Additionally, we show an improvement of at least 48% in S2S-RMS and 10% in STD for smooth pursuit tasks, demonstrating the value of the method for studies of smooth pursuit. We also highlight an essential contribution of (Chaudhary and Pelz, 2019)’s previous work in detecting eye movements as small as 0.2^∘ and also verifies that this formulation does not deteriorate the eye gaze signal quality, as all the missing detection were because of simultaneous head and eye movements to fixate at the target. Lowering the regularization value (section 6.3) helps in detection of few of these movements but it increases the number of false alarms. A relevant field of application to this strategy would be the study of vergence eye movement as we have boosted the ability of eye trackers to study movements with small changes.
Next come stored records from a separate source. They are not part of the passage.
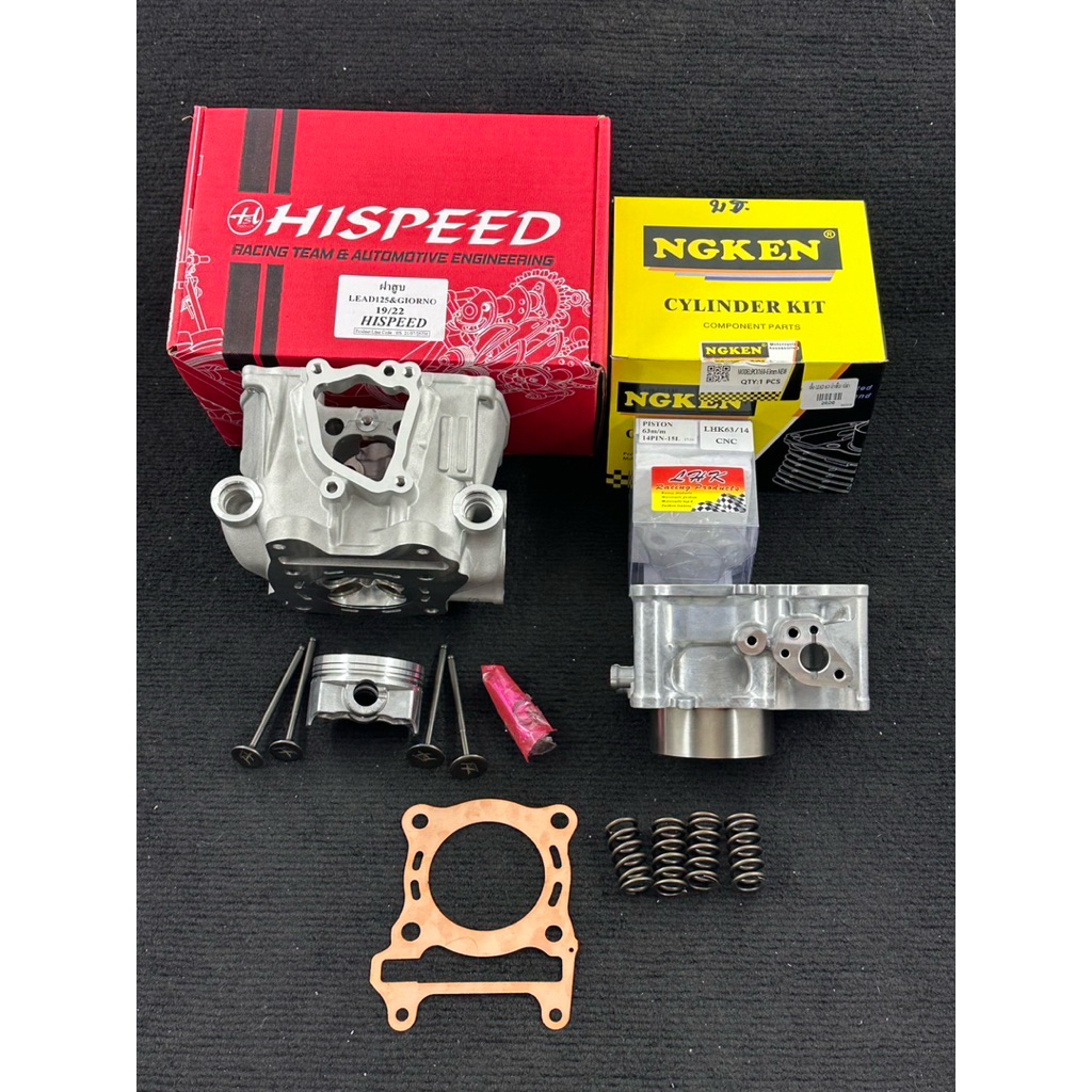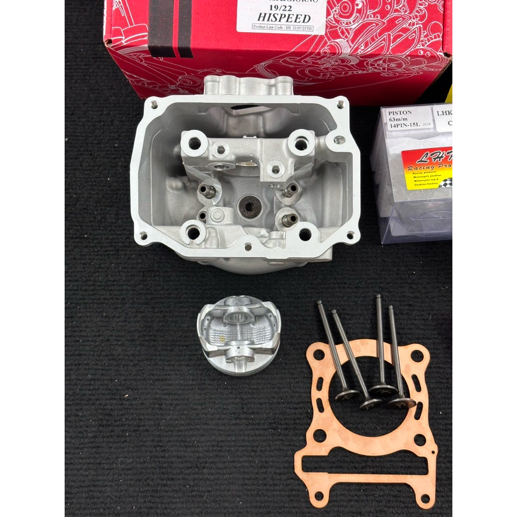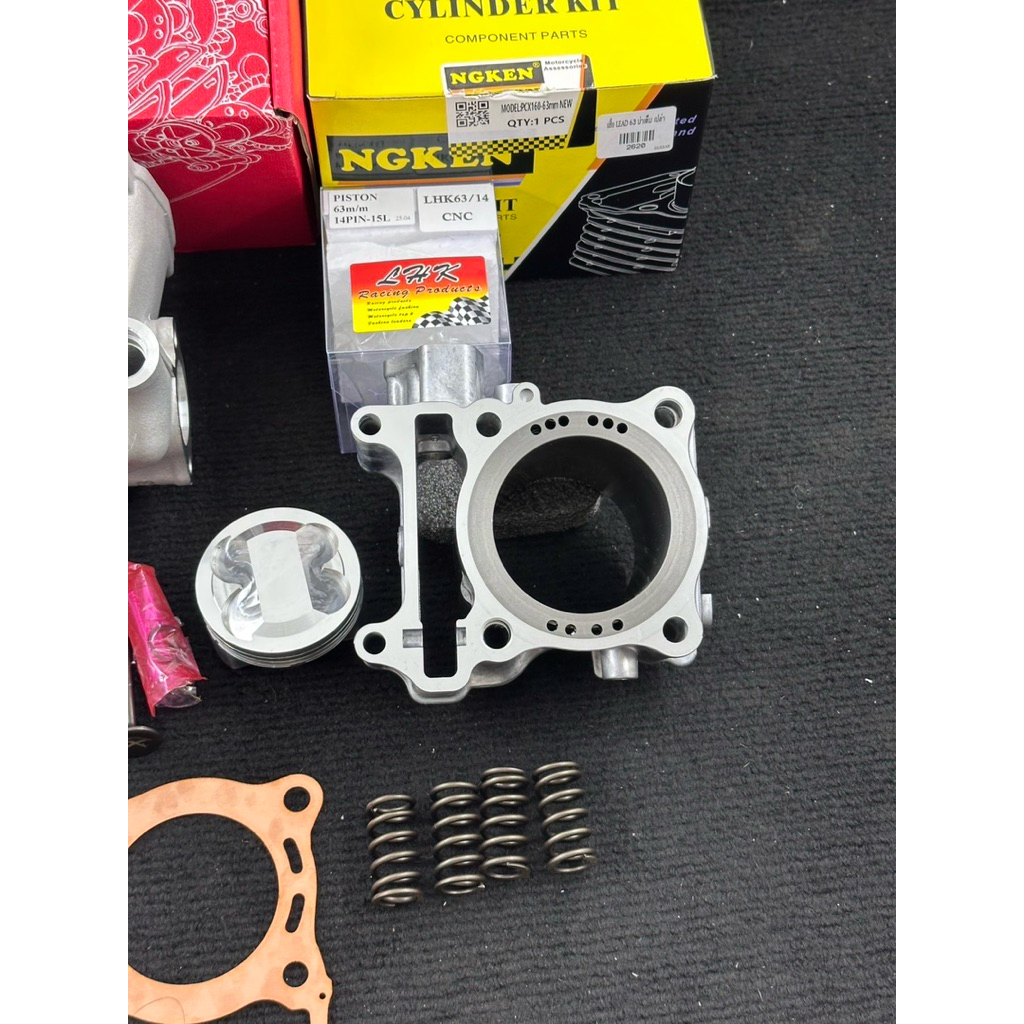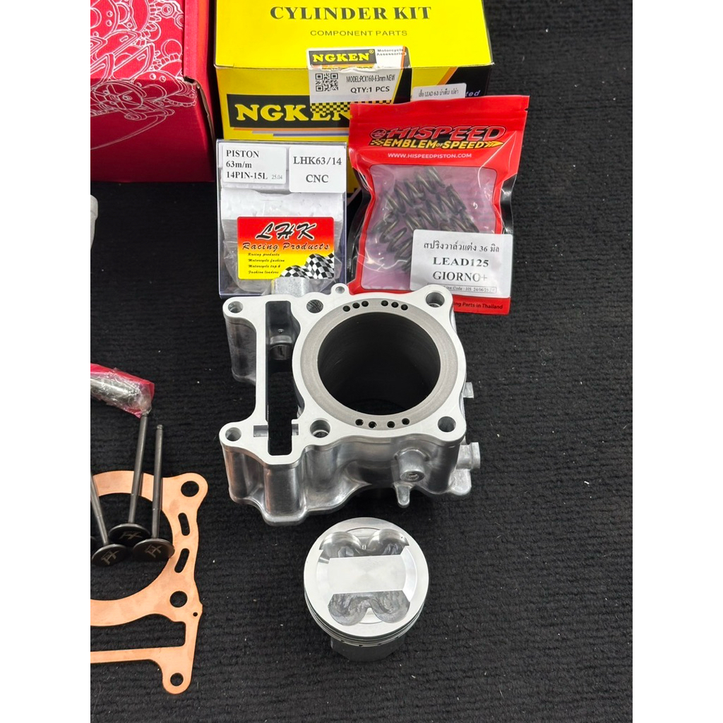 ชุดเสื้อฝาGiornoลูก63วาล์ว19-22ลูกสูบLHKสลัก14มิลพร้อมสปริงวาล์วแต่งเสื้อ63ปลอกสูบบ่าเต็มใส่LEAD-Giorno-pcx160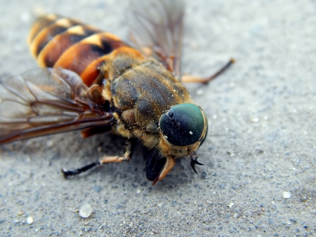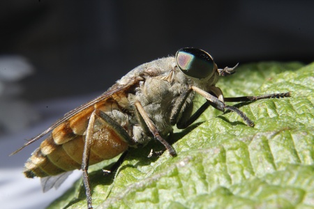 Macro view of a horsefly. These insects are often large and agile in flight, and the females bite animals, including humans, to obtain blood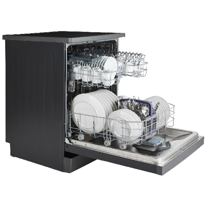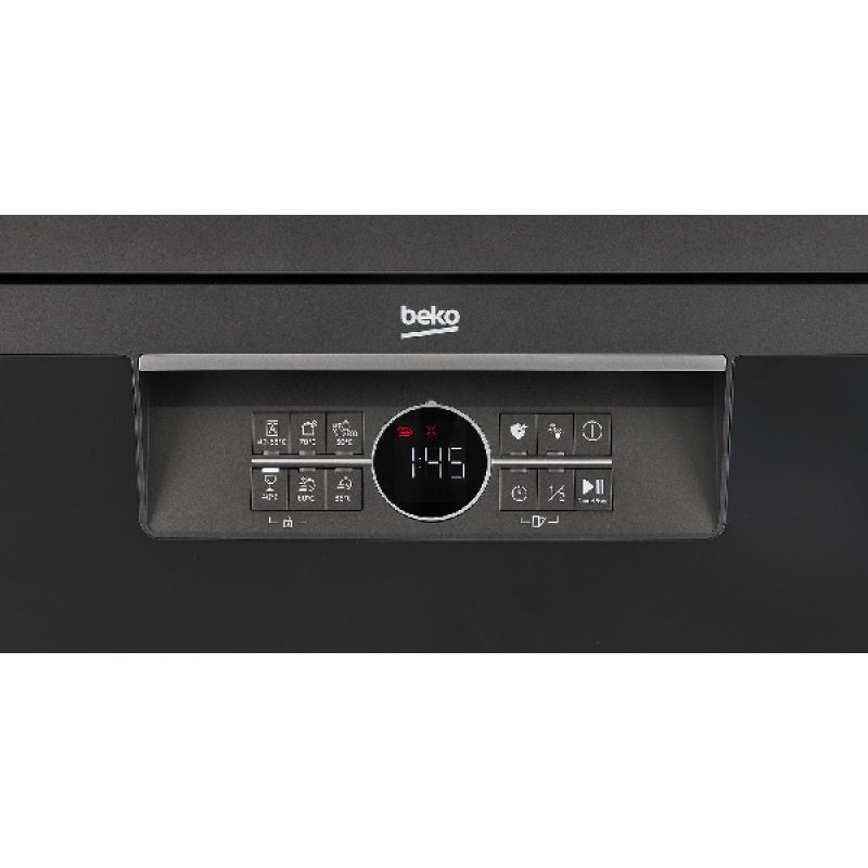 De Beko BDFN26430A in antraciet uitvoering is een vrijstaande vaatwasser met tal van praktische functies. Hij draagt het energielabel D en beschikt over een laadvermogen van 14 couverts. Hij voorziet 6 programma's, waaronder een kort programma van 30 minuten en een Eco-programma om energie, water en het milieu te sparen. Daarnaast zorgt de extra SteamGloss-optie van 10 minuten dat je glazen er als nieuw uitzien. Aan het einde van elke vaatwascyclus opent de Selfdry-functie automatisch de deur, waardoor je servies op natuurlijke wijze droogt. Dankzij de eenvoudig inklapbare steunen en schuivende bestekbak maak je bovendien makkelijk plaats voor grote potten of pannen en is het in- en uitladen zo gebeurd.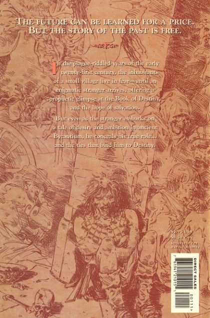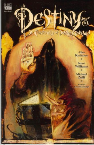 Beginning a 3-issue miniseries delving into the past and future of Destiny of the Endless, with painted covers and framing sequences by Kent Williams. In the year 2009, a small town holds out against a devastating pandemic, its remaining inhabitants desperately hoping to survive the next outbreak of plague. Then a mysterious stranger arrives from nowhere, selling a page that he claims is not only taken from the Book of Destiny, but also foretells the four great plagues of humankind, including where the current one will strike next. To convince them of its worth, he offers to read from the page, revealing Destiny's role--as well as his own--in the previous three plagues, starting with the epidemic that struck the Byzantine empire. Written by Alisa Kwitney. Art by Kent Williams and Michael Zulli. Painted cover by Kent Williams. Mature Readers. FC, 48 pg. Prestige Format. Cover price $5.95.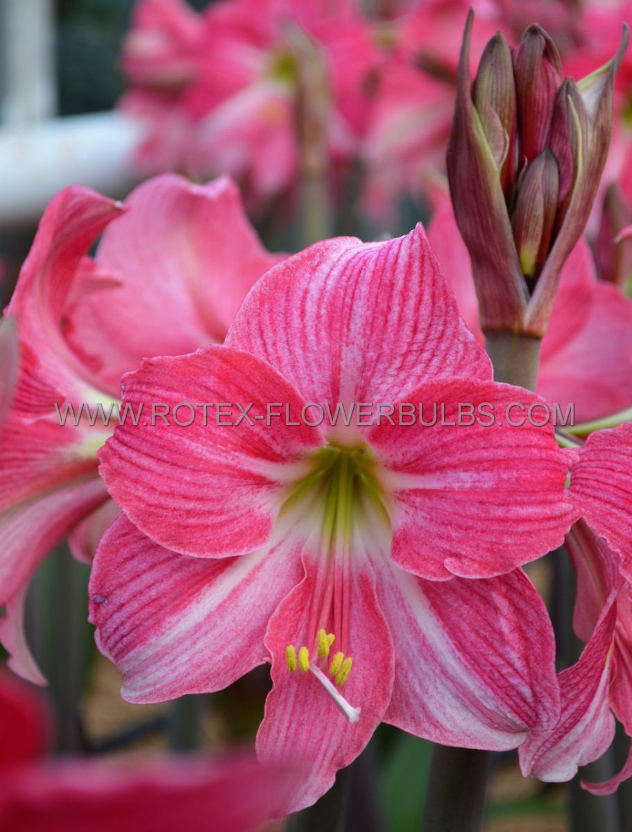Amaryllis ‘Neon’ has vibrant neon-pink flowers with white-pink stripes, apple green center.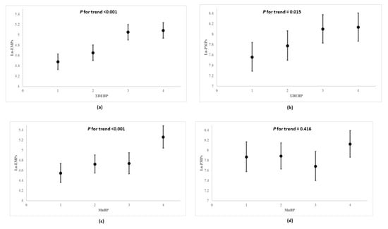 Geometric mean values and 95% confidence intervals of natural log-transformed EMPs and PMPs according to quartile concentrations of urinary ΣDEHP and MnBP a in multiple linear regression model b. (a) ΣDEHP and Ln-EMPs, (b) ΣDEHP and Ln-PMPs, (c) MnBP and Ln-EMPs, (d) MnBP and Ln-PMPs. DEHP: di-2-ethylhexyl phthalate; MnBP: mono-n-butyl phthalate; EMP: endothelial microparticles; PMP: platelet microparticles. a ΣDEHP as μmol/g creatinine, and others as μg/g creatinine. EMPs and PMPs as counts/μL. b p for trend analysis—value was modeled according to median value of each quartile of each phthalates metabolites, and was adjusted for age, gender, body mass index, total cholesterol, hypertension, diabetes, smoking, alcohol consumption, physical activity, and household income.

Our study improves the precision of current video-based eye trackers by relying on multiple features of the human eye. The method is not without limitations, of course. First, it requires multiple calibration points in order, which include a series of changes in X-Y direction (refer to Figure 6). It will require an extra effort for calibration design, though the present study does not answer the minimum calibration point changes required for proper iris calibration; we used 12 changes, and addressing the minimum number is recognized as future work. Second, the performance of our method falls in the case of blurred images as we rely on iris features for the velocity signal and on pupil edges for pupil position estimates. Lack of a sharp eye image is also a problem for many current video-based systems as well, but this can be solved with a higher-resolution camera and proper exposure time. Third, finding the precision matrix in Equation 4 is a time-consuming step that increases as the time series increase. For our short videos, it was not an impediment, but for general use using long series, we can incorporate a precision matrix using techniques like LU-decomposition (Banachiewicz, 1938) or use small windowing blocks to speed processing. Finally, compression artifacts are still a problem in our method as mentioned in (Chaudhary and Pelz, 2019)

In summary, the main contributions of this paper are handling of spatial drift, a novel strategy that incorporates the two signals in different domains that are related by first-order derivative/integration (one noisy the other with temporal drift), a new calibration routine for iris calibration, a way to compute precision in smooth pursuit signals by signal detrending, and most importantly, a method for estimating gaze that allows for significant improvement of precision compared to current video-based eye-tracking methodology. At the same time, this method is also useful in tasks requiring high precision, such as the study of microsaccades, smooth pursuit, and even vergence eye movements.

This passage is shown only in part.